(Stored data entries)
▼

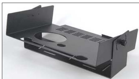
Die optionale Mobilhalterung, Modell 309, für den Argonaut V

Die RIT eignet sich mit ihren etwa 360 Hz/Umdrehung nur zum Ausgleich geringer Ablagen der Gegenstation; damit Split-Betrieb improvisieren zu wollen, endet in Frust, aber es gibt ja den zweiten VFO für Split- und Relaisbetrieb auf 10 m.
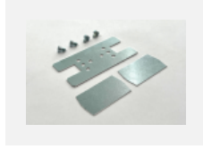
145-50200, F direkter Veebinder mit Abdeckung
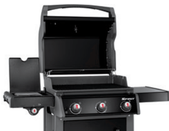
Spirit E-320 Original mit geöffnetem Deckel

Auf der Innenseite des Deckels haftet mit der Zeit Fettdunst an. Dieser lässt sich an dem noch warmen Deckel am leichtesten mit dem Weber Grillreiniger, heißem Wasser und einem rauen Küchenschwamm reinigen. Bei Ihrem Grill blättert Farbe an der Innenseite des Deckels ab? Die Weber Gasgrills der Serien Spirit, Genesis und Summit sind emailliert oder aus Edelstahl. Es ist keine Farbe oder eine andere Beschichtung aufgetragen. Was jedoch abblättern kann, sind anhaftende Fettreste, die mit der Zeit verbrennen (karbonisiertes Fett). Diese Reste können Sie jedoch wieder durch Einweichen und Reinigen mit fettlösenden Mitteln und heißem Wasser entfernen.

▲

**Problem details**: Tell how many lines in the records above carry the word "sich". Only the number should appear in the reply.

**Answer space**: 2